> EXERCISE: Give again, word for word, the lines below that run from the line with "Section 1 - Flight Plan Notes" through the line with "ヨーロピアンライトラグジュア". Drop the pictures.

LISTED RECORDS Start Marker

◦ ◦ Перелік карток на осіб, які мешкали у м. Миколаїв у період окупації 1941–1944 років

LISTED RECORDS End Marker
LISTED RECORDS Start Marker

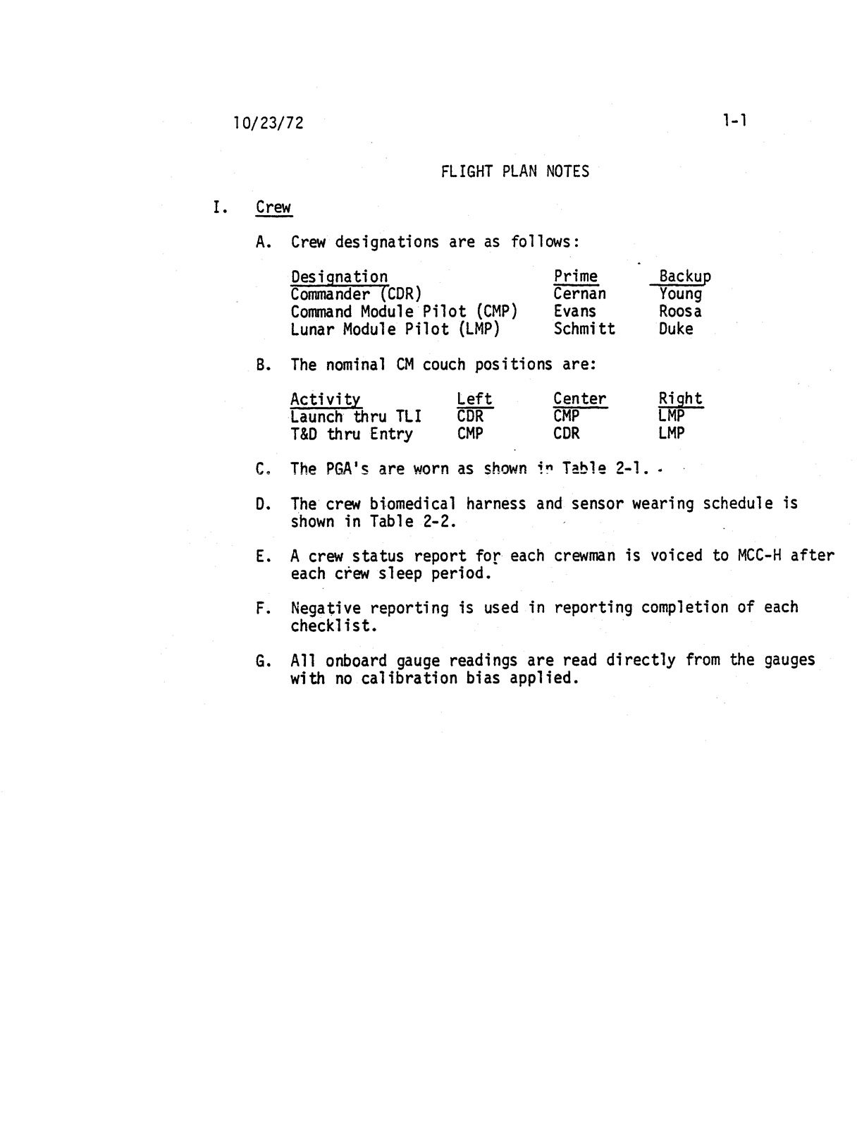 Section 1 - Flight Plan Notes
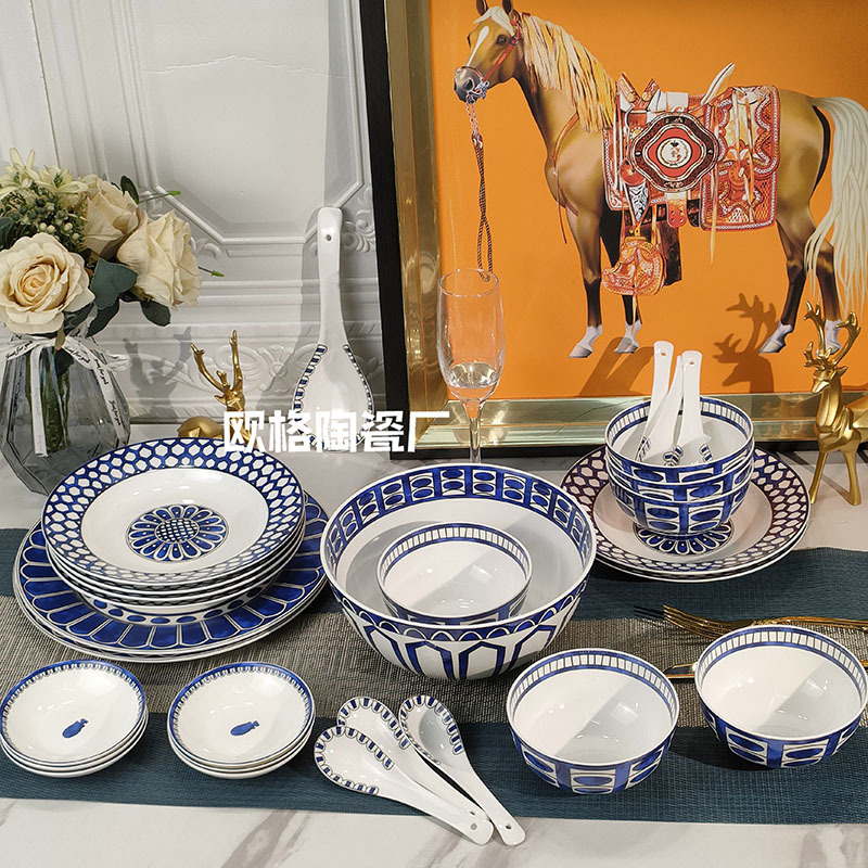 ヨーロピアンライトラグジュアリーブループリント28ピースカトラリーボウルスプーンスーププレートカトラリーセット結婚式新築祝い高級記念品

LISTED RECORDS End Marker

> WRITTEN ANSWER:
 Section 1 - Flight Plan Notes
 ヨーロピアンライトラグジュアリーブループリント28ピースカトラリーボウルスプーンスーププレートカトラリーセット結婚式新築祝い高級記念品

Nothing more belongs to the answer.